The structure and adsorption of Mo27S(54−x) (x = 1–6) clusters have been investigated using density functional theory method. It was found that considerable relaxation occurred at the (1¯ 0 1 0) edge. The activity has been analyzed on the basis of frontier molecular orbital properties. The results suggest that the possible catalytic sites might be situated between two vicinal 4-fold coordinative unsaturated site CUS. The formation of Mo27S(54−x) (x = 4–6) from Mo27S54 is easy in the presence of atomic hydrogen, but difficult under molecular hydrogen. But the situation is different from the case of Mo27S(54−x) formation (x = 1–3) that is facile under both the atomic and molecular hydrogen reagent (under the normal HYD/HDS condition).
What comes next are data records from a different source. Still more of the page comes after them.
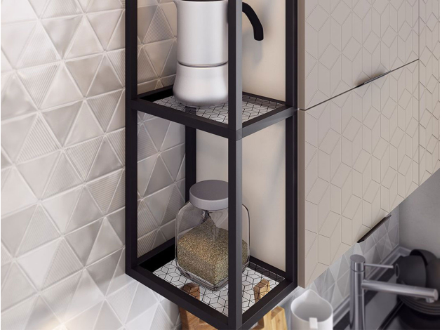 Шкаф Стоун объединил в своей конструкции эстетику и функциональность. Модуль подходит в качестве дополнения верхней части кухонного гарнитура. Полки из стекла позволяют хранить посуду и другие детали интерьера.
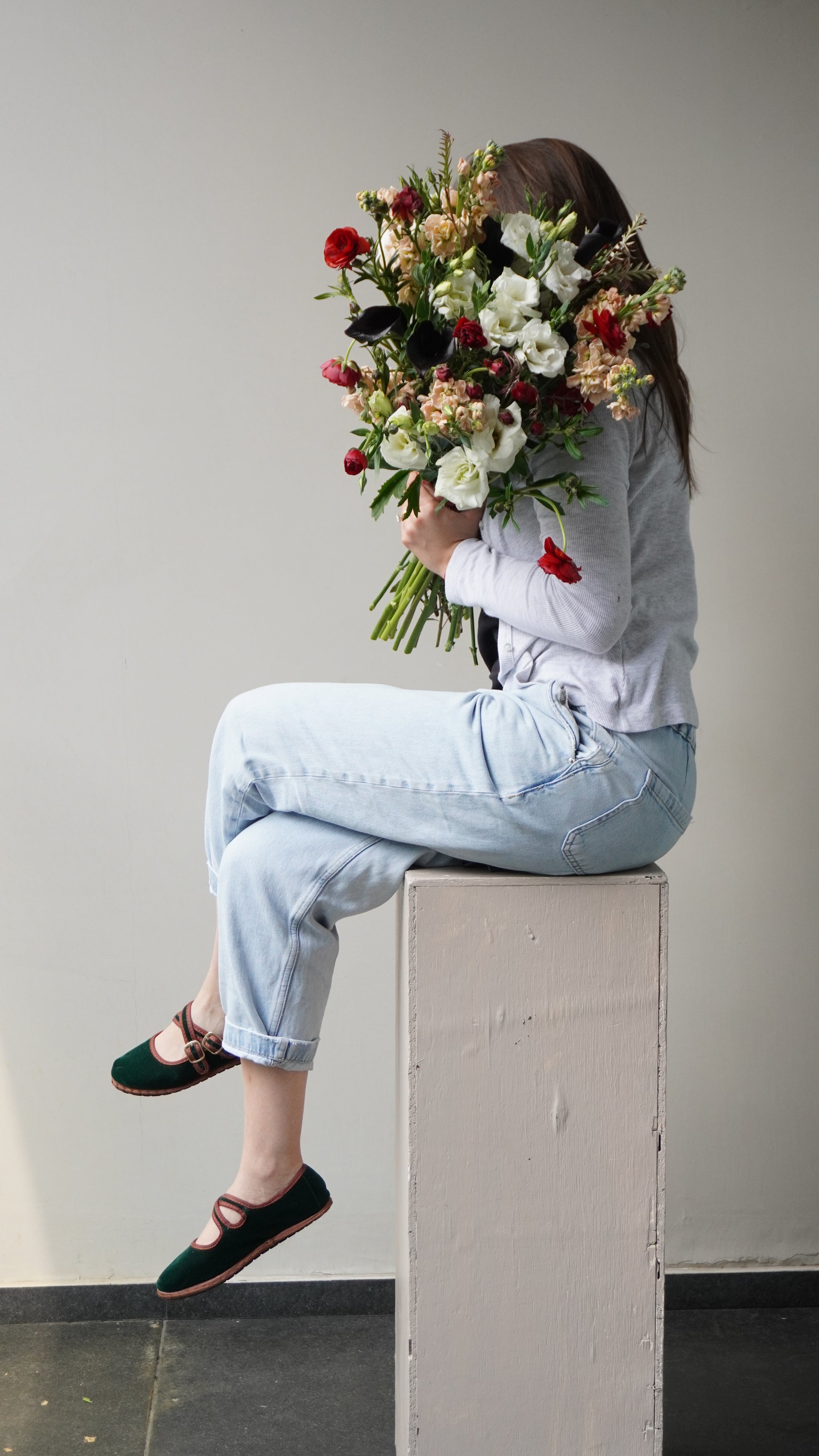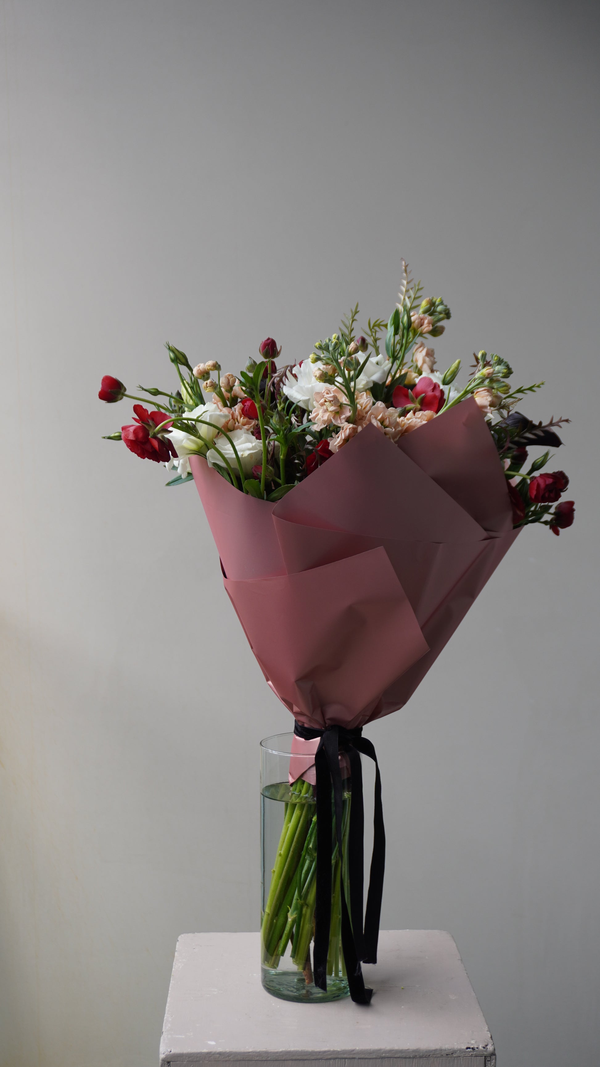 Ramo con rananculus, calalilis, matiola y lisianthus.
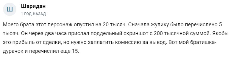 Не ведитесь на этот развод на деньги! Этот жулик обещает быстрый доход без рисков, а в итоге он и есть главный риск! Доверил ему 10000 рублей, через пару часов он прислал фейковый скриншот что моя прибыль увеличилась в 10 раз!!! До чтобы забрать ее нужно заплатить комиссию 15%!!! Я заплатил, так как думал, что все равно буду в наваре, в этот гад меня кинул в блок!

The adsorption of thiophene at various vacancies on the (1¯ 0 1 0) edge of MoS2 represents that thiophene is unstable to flatly adsorb at the vacancy of Mo27S50. Although uprightly adsorbed thiophene is adsorbed weakly, the flatly adsorbed thiohene is strongly activated when adsorbed between two vicinal 4-fold CUS (9, 10). On the basis of Hirshfeld charge analysis, the donation and back-donation between the thiophene and the substrate might account for the activation of thiophene.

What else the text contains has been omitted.